I kept working on my prototype and added the Apache Maths library mostly because I wanted a simple Complex type that was supposedly written by Java people who know how to write such things. Got a bunch of algorithms converted and just ran it a few times looking at the printf's just to admire my handiwork.

Then I saw the profiler button and thought what the hell, lets see how it works. Well apart from being pretty friggan kick-arse (I can't even remember the last time I ran a profiler over C, but I can tell you it sucked - Visual Studio had absolutely naught without 'paying extra' for some shareware crap) I noticed huge bottlenecks all over the place. For one my image loading was taking about 70% of the time (loads 10 images, does a few fft's over part of them). Well I was flying blind on that one so made a bit of a mess of it. Anyway, did something about that .. next ... the complex arithmetic and the array references were taking all the time. SST arrays are accessed through multi-dimensional capable getters, which are abstracted a couple of levels to an index calculation that loops over an array of strides. Yes very efficient. For some reason I imagined the 'hotspot' compiler could remove all that, but alas it cannot.
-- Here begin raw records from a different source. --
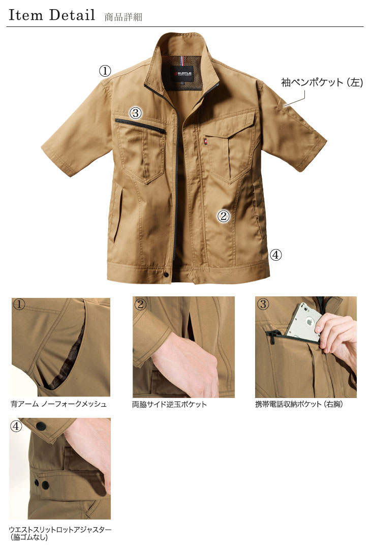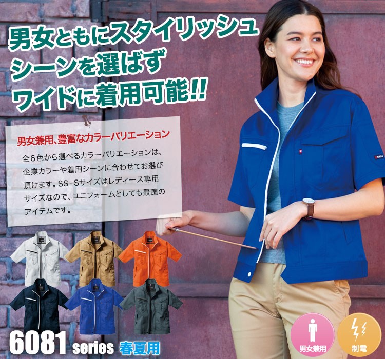 コーディネート自在、カラー豊富なバートルの半袖ジャケット。SS・Sサイズはレディース対応シルエットです。
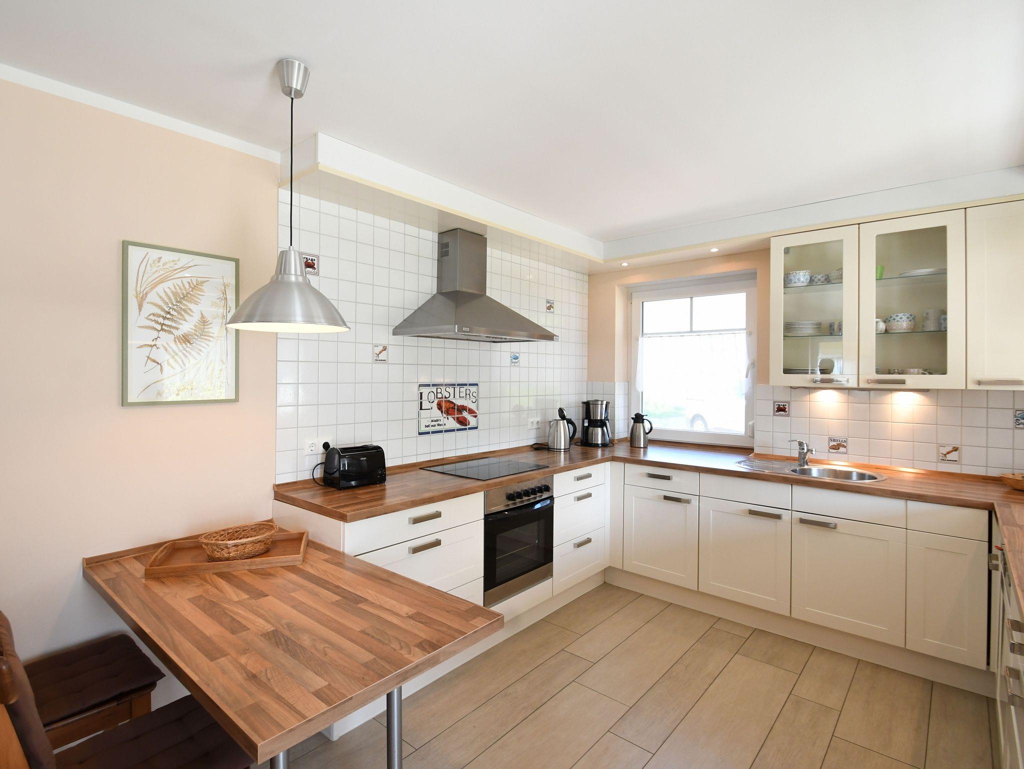 Die offene Küche verfügt über einen Backofen, einen Kühlschrank einen Geschirrspüler, Kaffeemaschine, einen Wasserkocher, einen Toaster und diverses Küchenutensilien.
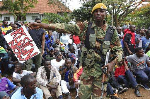 Armed soldiers control a euphoric crowd marching near State House in Harare, demanding the departure of President Robert Mugabe, Saturday Nov, 18, 2017. Zimbabweans giddy with joy raced through intersections, raising their arms in triumph. (AP Photo/Tsvangirayi Mukwazhi)
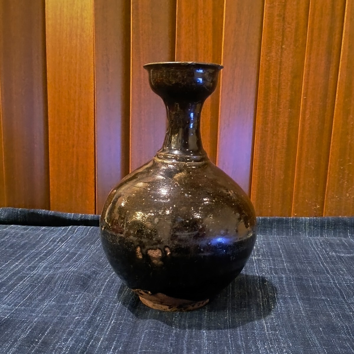 - 朝鮮美術 李朝 黒釉 徳利 盤口瓶 検) 朝鮮美術 花生け 古民芸 古道具 骨董 民芸 黒高麗 花器
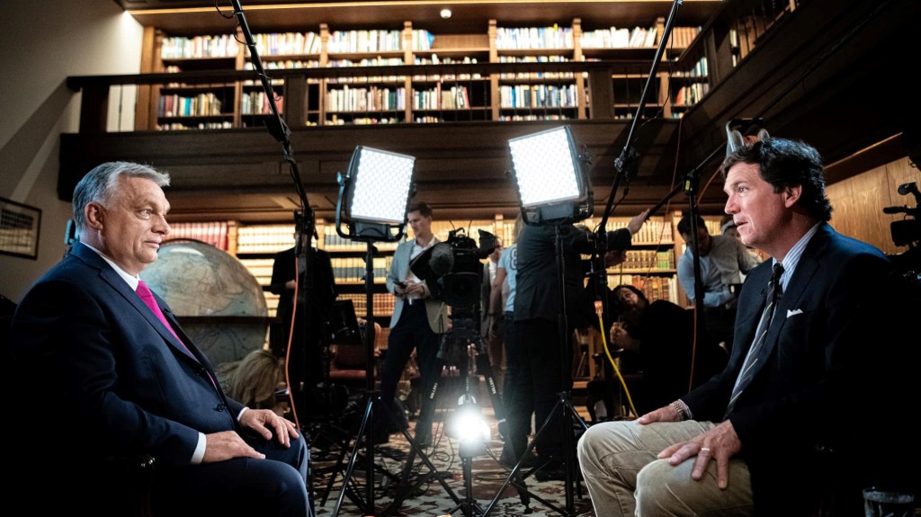 I en 19 minuter lång intervju möter Fox News ankare Tucker Carlson Ungerns premiärminister Viktor Orbán i Budapest. Samtalet handlar om den nationellt sinnade, kristna, familjebaserade politik som landet tillsammans med flera andra före detta satellitländer i Östeuropa valt, och vars ledare Joe Biden kallar för politiska gangsters (thugs).
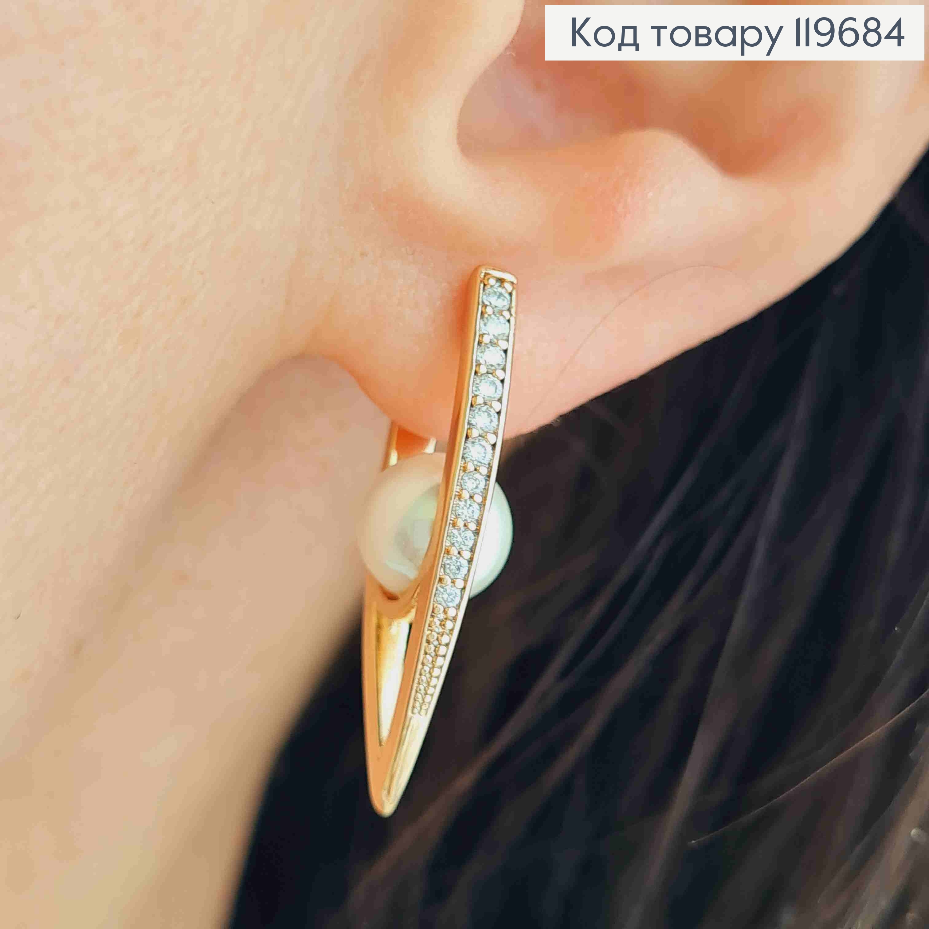 Серьги Стрелы с Блестящими камешками и Жемчужкой, длина 2,8см, английская застежка, Xuping 18К

Anyway ... to cut a long and rather boring story short, I've thrown away apache.maths's Complex type and written my own that has mutable elements and is used just to hold values. I found a decent FFT library in Java and since that was pretty much the only reason I was using SST I also got rid of that and wrote my own 2D array classes, and re-wrote most of the code to use simple one-dimensional arrays directly.
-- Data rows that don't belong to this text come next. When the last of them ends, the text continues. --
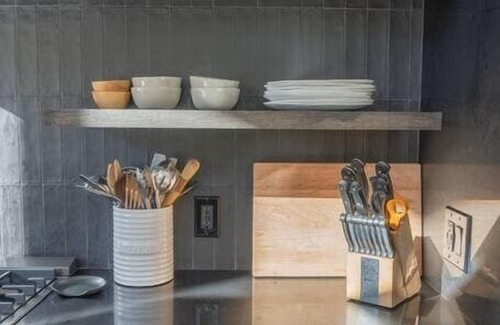 Outside, you'll discover another back terrace, a fire pit area, and a lit path through the dense woodlands that leads to a stream-adjacent yoga platform, where you can reconnect with nature and yourself.
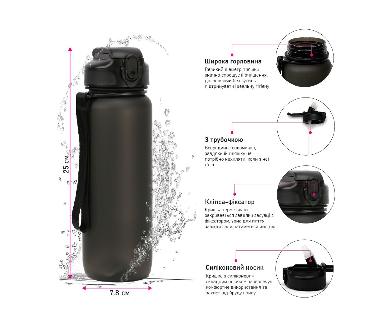 Герметичная пластиковая крышка с складным силиконовым носиком обеспечивает комфортное использование и защиту от грязи и пыли. В то же время система открывания очень надежна за счет клипсы-фиксатора. Крепкий ремешок позволяет легко переносить бутылку, держа ее под рукой. Большой диаметр бутылки значительно упрощает ее очистку, позволяя без труда поддерживать идеальную гигиену.
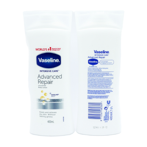 Vaseline Intensive Care Advanced Repair unscented lotion, we’ve combined healing micro-droplets of Vaseline Jelly and our highest levels of moisturising glycerine. When you have dry, rough, irritated skin you need something that will moisturise to help it heal fast. The result is a rich body lotion that gives you intense moisturisation.
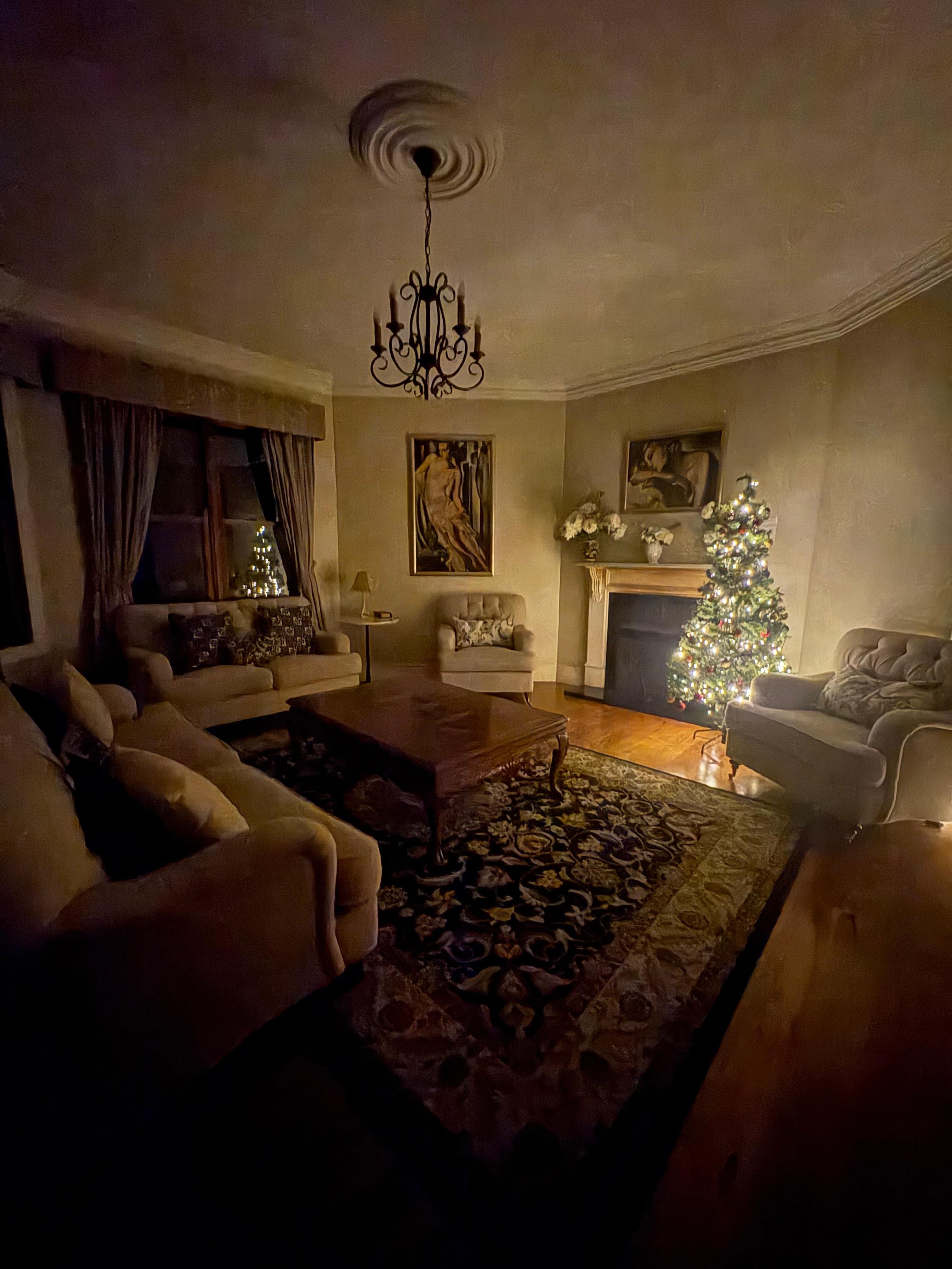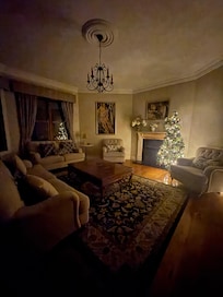 Auch im Winter besticht diese Unterkunft durch einen Kamin und mehrere Wohnbereiche.

Man it's ugly code - but it was pretty fugly using apache.maths.complex too - the C is much, much cleaner for the inner loops. For all that it's about 10x faster than it was and on par roughly with the C code (don't quite have the same processing to really compare yet), which i think is worth it. Even if it took most of the day, although I cleaned stuff up as I went too so it wasn't wasted. Well i'm about where I was with the C a week ago, but in the meantime there's been a 4 day long-weekend and now I can easily add GUI. I looked at gtk+ very briefly but it just looked like no fun at all. And besides being cross platform at this point is a big plus.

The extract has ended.